Question
I am trying to keep a boolean for elasticsearch search, but this is particularly for NULL. In this case, it doesn’t matter.
There seem to be several options, but it’s not entirely clear what would be best.
We are using ElasticSearch version 5.0.2
Option 1
It would be trivial to save it as a boolean with NULL values. Those will be considered as “missing” ES.
PUT my_index { "mappings": { "my_type": { "properties": { "my_boolean": { "type": "boolean"} } } } } PUT my_index/my_type/1 {"my_boolean": true} PUT my_index/my_type/2 {"my_boolean": false} PUT my_index/my_type/3 {"my_boolean": null}
This has several problems, one of which is congestion. There does not seem to be an easy way to get true , false and NULL values in aggregation.
I know the missing function, so I know that I can do the following:
GET my_index/_search { "size":0, "aggregations": { "my_boolean": { "terms": { "field": "my_boolean" } }, "missing_fields": { "missing" : { "field": "my_boolean" } } } }
But this will lead to the appearance of a bucket with two values (true / false) and separately count the missing documents. It seems like it will cause problems.
Option 2
Another option is to actually set the NULL value to as described in the manual . The problem is that the value must be the correct type, and there is nothing but true and false as boolean.
The null_value value must be the same data type as the field. For example, a long field cannot have a null_value string.
This means that we can use another type that supports more than two values, for example, an integer, but it would be the same in my head as saying: let map it as an integer, and define 1 as true, 2 as false and 3 - as null. This will work, but we will have an implicit matching that everyone should know about. (All manufacturers / consumers / whatyamahaveits).
Option 3
The final version will be an attempt and script is our way out of this problem.
GET my_index/_search { "size":0, "aggregations": { "my_boolean": { "terms": { "script" : { "inline": "if(doc['my_boolean'].length === 1) { if(doc['my_boolean'].value === true){ return 1;} else {return 2;} } else { return 3;}" } } } } }
Now we get the right results in a few robust buckets.

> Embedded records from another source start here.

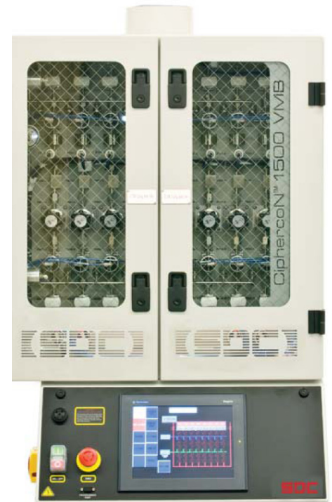
8-stick populated VMB

The CiphercoN 1500 VMB supports simple dry-contact communication for hazard alarms, process alarms, tool call, external EMO, external EGO and more. If your gas management solution requires more sophisticated communication, the 1500 VMB also supports Ethernet using open Modbus™ TCP protocol. This allows the CiphercoN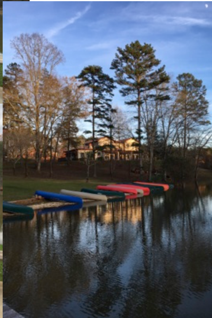
The beautiful Diakonia Retreat Center- view from the lake.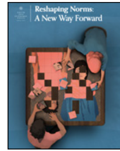
Reshaping Norms: A New Way Forward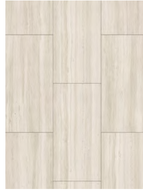
SANDSTONE Dryback 60001882 | Click 60001877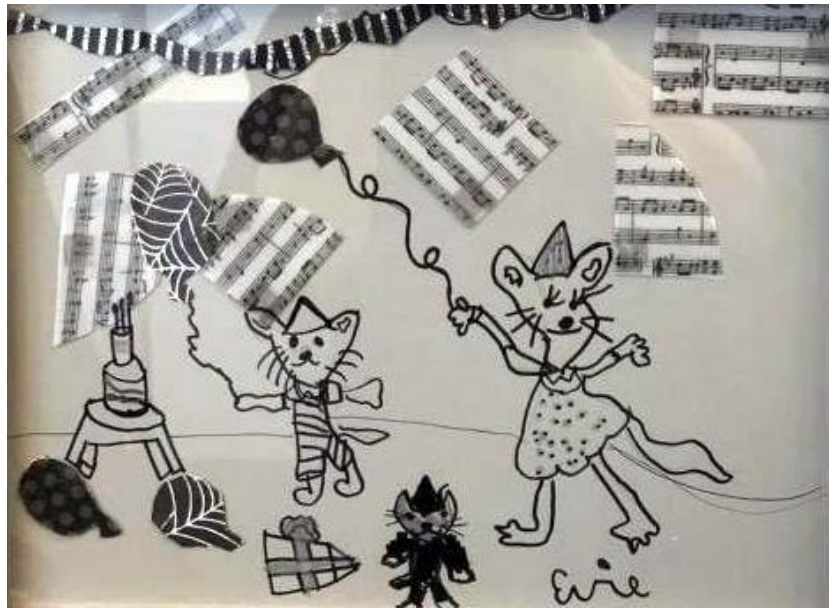
Kids' Art First Place: "Mice! Party On!", mixed media, Evie McCarthy, 6 years old

"aggregations": { "my_boolean": { "doc_count_error_upper_bound": 0, "sum_other_doc_count": 0, "buckets": [ { "key": "1", "doc_count": 1 }, { "key": "2", "doc_count": 1 }, { "key": "3", "doc_count": 1 } ] } }
Note that we still have an implicit mapping with keys here, so this one seems to have the same problems that displays it as an integer. Nevertheless, your data type is what it should be, so there may be something. Please note that we cannot have a bucket with the key "null". We can call them “true”, “false” and “zero” (lines), but this is the same situation, but it is hidden even more.
Question
What is the best way to deal with this zero problem? (Or maybe we should call this a "three-state-logical problem"?)
To clarify: we fear that a later “non-standard” value may cause problems. The first thing we saw was bucketing, which we could solve with a script solution, but maybe we will encounter other problems later. Therefore, we are looking for best practice for storing this type of data, rather than a quick fix for a specific problem.